● Task item: What you output must be the exact lines from the first line of the data through the one holding "সাতক্ষীরা প্রতিনিধিঃ রাজশাহী", with no pictures.
[[ Data listing open ]]
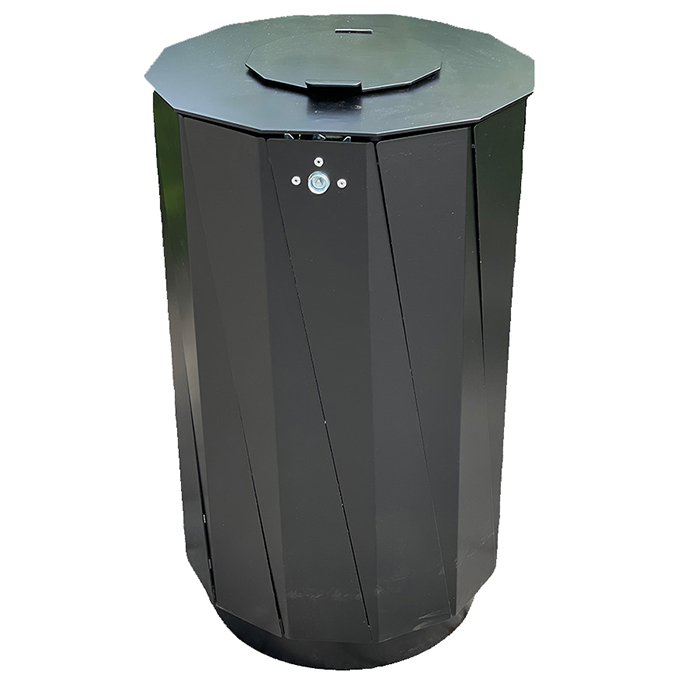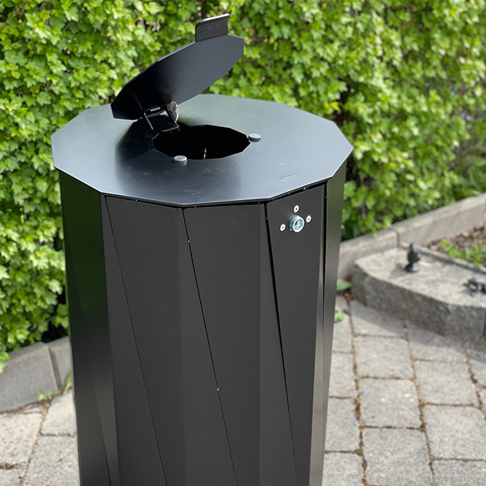 En stor och snyggt designad papperskorg i lackerad 2-4 mm varmgalvaniserad plåt med ett inkastlock upptill. Tack var de dubbla locken görs det att t.ex. hushållssopor är för stora för att kastas i papperskorgen, locket kan endast öppnas 57 grader och är självstängande för att dessutom försvåra för fåglar som vill ta sig in i papperskorgen. En populär papperskorg där design är lika viktigt som att ha en stor papperskorg.
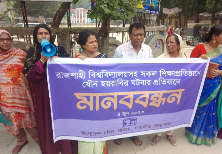 সাতক্ষীরা প্রতিনিধিঃ রাজশাহী বিশ্ববিদ্যালয় সহ দেশের সকল শিক্ষা প্রতিষ্ঠানে যৌন হযরানির ঘটনার প্রতিবাদে সাতক্ষীরা মানববন্ধন কর্মসূচি পালন করা হয়েছে। রবিবার (৪ জুন) সকালে শহীদ আঃ রাজ্জাক পার্কের সামনে বাংলাদেশ মহিলা পরিষদ সাতক্ষীরা জেলা শাখার আয়োজনে মানববন্ধন কর্মসূচি পালন করা হয়।
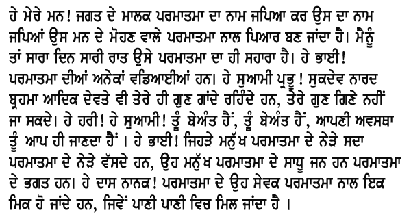 O my mind, meditate on the Lord of the World, the Master of the Universe, the Life of the World.  Fall in love with Him, the Enticer of the mind. I take the Support of the Lord, all day and all night. Endless, endless, endless are the Praises of the Lord. Suk Dav, Naarad and likes of Brahma all sing His Glorious Praises. Your Glorious Virtues, O my Lord cannot even be counted. O Lord, You are Infinite, O Lord, You are Infinite, O Lord, You are my Lord and Master; only You Yourself know Your Own Ways. Those who are near, near to the Lord – those who dwell near the Lord – those humble servants of the Lord are the Holy, the devotees of the Lord. Those humble servants of the Lord merge with their Lord, O Nanak, like water merging with water.
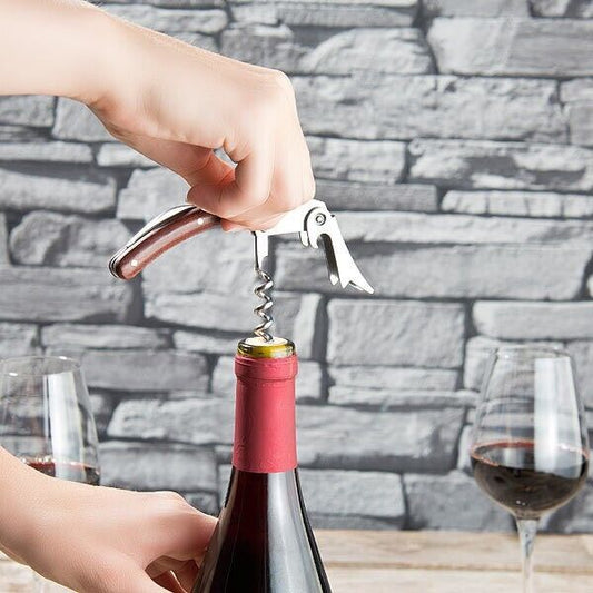 Set 3in1 Vino Sommelier Coltello con Cavatappi Apribottiglie manico legno
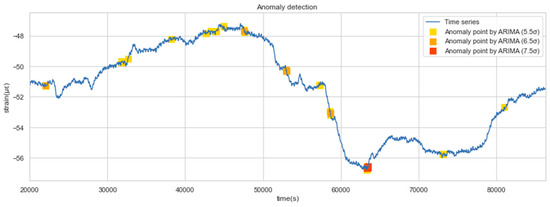 Figure 15 shows the detected anomalies with the above three levels of thresholds. The model gives warning signals at both daily minima and maxima. As the data are changing more dramatically, the warning level is more severe. It should be noted that there are many physical causes of a warning identified by the proposed method, such as the drastic changes in the surrounding environment of the tunnel, the failure of monitoring sensors, or the abnormal conditions of the tunnel structure. Since the actual conditions corresponding to the abnormal signals have not been identified one by one, we can only inform the operation and maintenance authorities that they should pay close attention to the further development of the monitoring value and be prepared for possible structural defects.
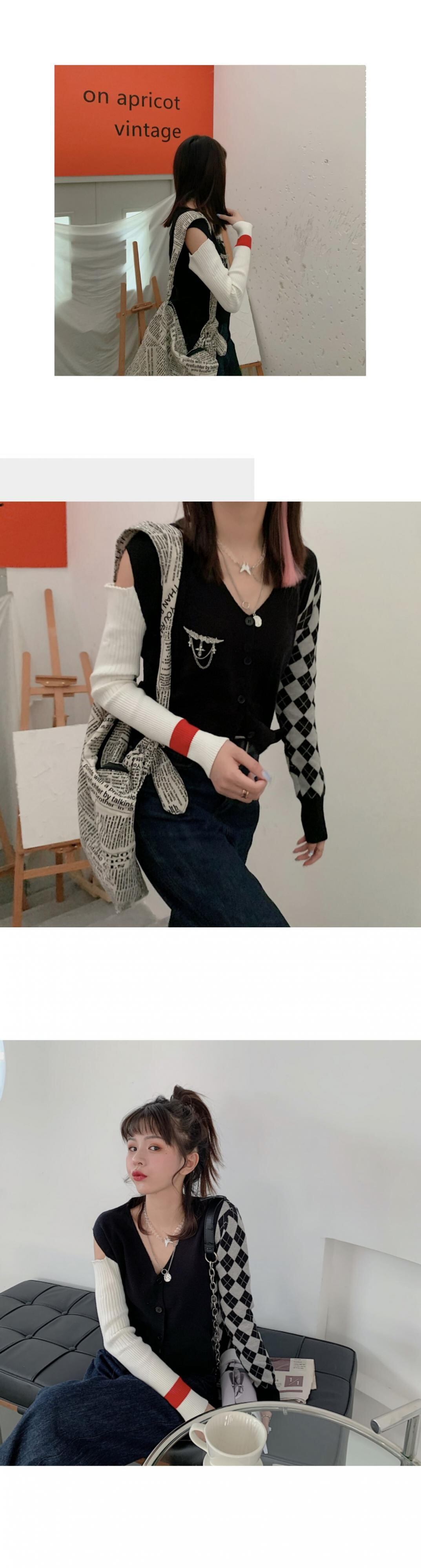 Vネックストラップレスブラックニットスモールカーディガンレディース秋スリム長袖ジャケット2020新作薄手アウタージャケット ブラックストロベリース40553954605
[[ Data listing closed ]]
● Written response:
 En stor och snyggt designad papperskorg i lackerad 2-4 mm varmgalvaniserad plåt med ett inkastlock upptill. Tack var de dubbla locken görs det att t.ex. hushållssopor är för stora för att kastas i papperskorgen, locket kan endast öppnas 57 grader och är självstängande för att dessutom försvåra för fåglar som vill ta sig in i papperskorgen. En populär papperskorg där design är lika viktigt som att ha en stor papperskorg.
 সাতক্ষীরা প্রতিনিধিঃ রাজশাহী বিশ্ববিদ্যালয় সহ দেশের সকল শিক্ষা প্রতিষ্ঠানে যৌন হযরানির ঘটনার প্রতিবাদে সাতক্ষীরা মানববন্ধন কর্মসূচি পালন করা হয়েছে। রবিবার (৪ জুন) সকালে শহীদ আঃ রাজ্জাক পার্কের সামনে বাংলাদেশ মহিলা পরিষদ সাতক্ষীরা জেলা শাখার আয়োজনে মানববন্ধন কর্মসূচি পালন করা হয়।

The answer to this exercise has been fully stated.